In 1658, Brenton was granted 8,000 acres of land on the Merrimack River, a tract which was called Brenton Farm and later became the town of Litchfield, New Hampshire. In 1670, he was residing in Taunton in the Plymouth Colony. Even though he was living in Taunton, in 1672 he was once again elected governor of the Rhode Island colony, in absentia, but refused to serve. He died sometime after September 25, 1674, when he was involved in a land deed, but before November 13 of that year when his will was proved at Newport, where he died. One source says he eventually became a member of the Quaker church, but this is not supported by Anderson who gives his church affiliation only as the Boston (Puritan) church. He had been a central and highly regarded member of the colony, serving as an office holder or legislator for nearly 40 years.
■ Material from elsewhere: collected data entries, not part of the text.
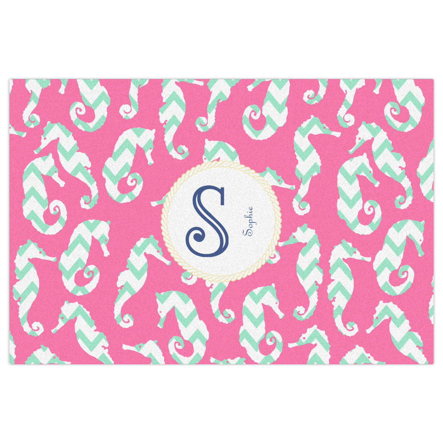 This sea horse design combines the beauty of seahorses with the fun loving chevron pattern. The design features mint, a bubble gum pink background and some gold colors, all of which can be customized to your favorite colors with just a few clicks!
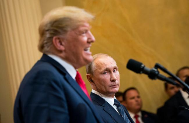 资料图:2018年,美国总统川普在赫尔辛基与俄罗斯总统普京会面。 Doug Mills/The New York Times
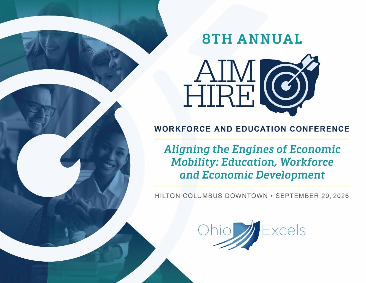 Ohio Excels and the Governor’s Office of Workforce Transformation will once again host the Aim Hire Workforce and Education Conference on September 29, 2026, at the Hilton Columbus Downtown.
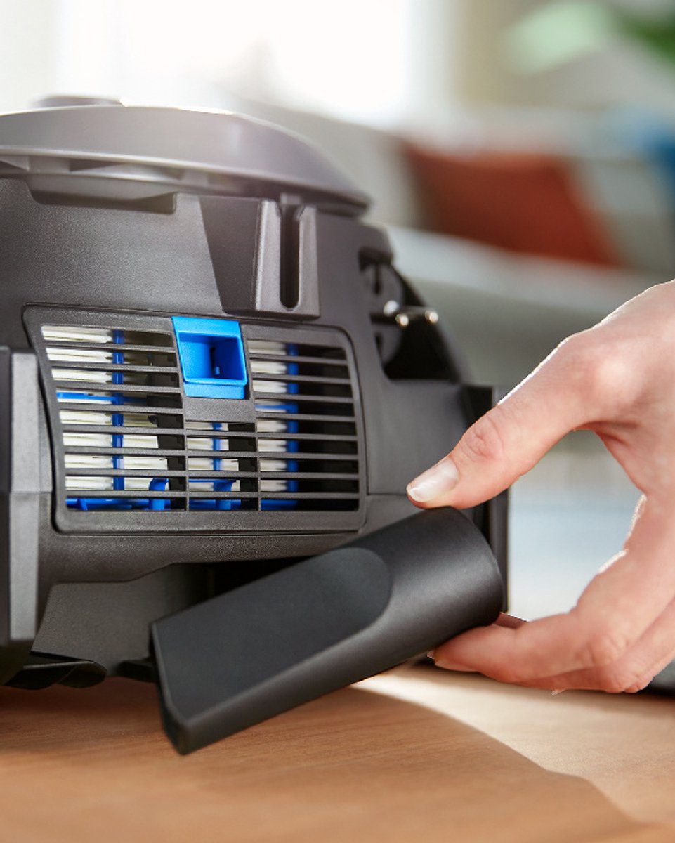 De grote stofkamercapaciteit kan een volle zak van drie liter aan voordat de zak moet worden vervangen.
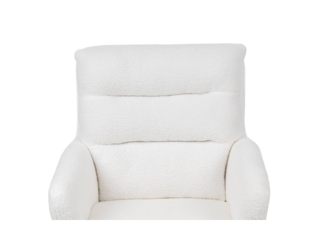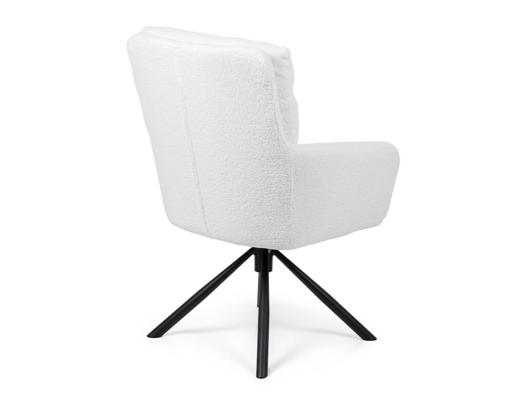 Moderná stolička s podrúčkami zaujme svojim elegantným vzhľadom. Vaše pohodlie zaručí komfortné čalúnenie z bielej bouclé látky s mäkkým polstrovaním. Pevná kovová podnož v čiernej farbe s otočnou funkciou zaistí patričnú stabilitu. Nosnosť je až 120 kg. Stoličku využijete ako jedálenskú stoličku k vášmu jedálenskému stolu alebo kdekoľvek inde v interiéri. Skvele sa hodí do jedálne, pracovne aj kancelárie.

Brenton's Point and Brenton's Reef in Newport are named after him, and Hammersmith Farm, where Jacqueline Bouvier spent an important part of her youth after her mother married its owner, Hugh D. Auchincloss, Jr., and later married future United States President John F. Kennedy, was named for his property in Newport.

==Family==

Coat of Arms of William Brenton

Brenton was first married, by 1634, to a woman named Dorothy, who apparently died soon thereafter, leaving a single son, Barnabas, who was baptized in Boston on January 24, 1635. There is no further record of this son. Nearly a decade later, by about 1644, Brenton married Martha Burton, the daughter of Thomas Burton, with whom he had nine children. Martha died shortly before Brenton, in 1672 or 1673. Their daughter Mary married future colonial Rhode Island Governor Peleg Sanford, the son of John Sanford who succeeded William Coddington as governor of Portsmouth and Newport under the Coddington Commission. Their daughter Sarah married Joseph Eliot, the son of Puritan minister and missionary, John Eliot.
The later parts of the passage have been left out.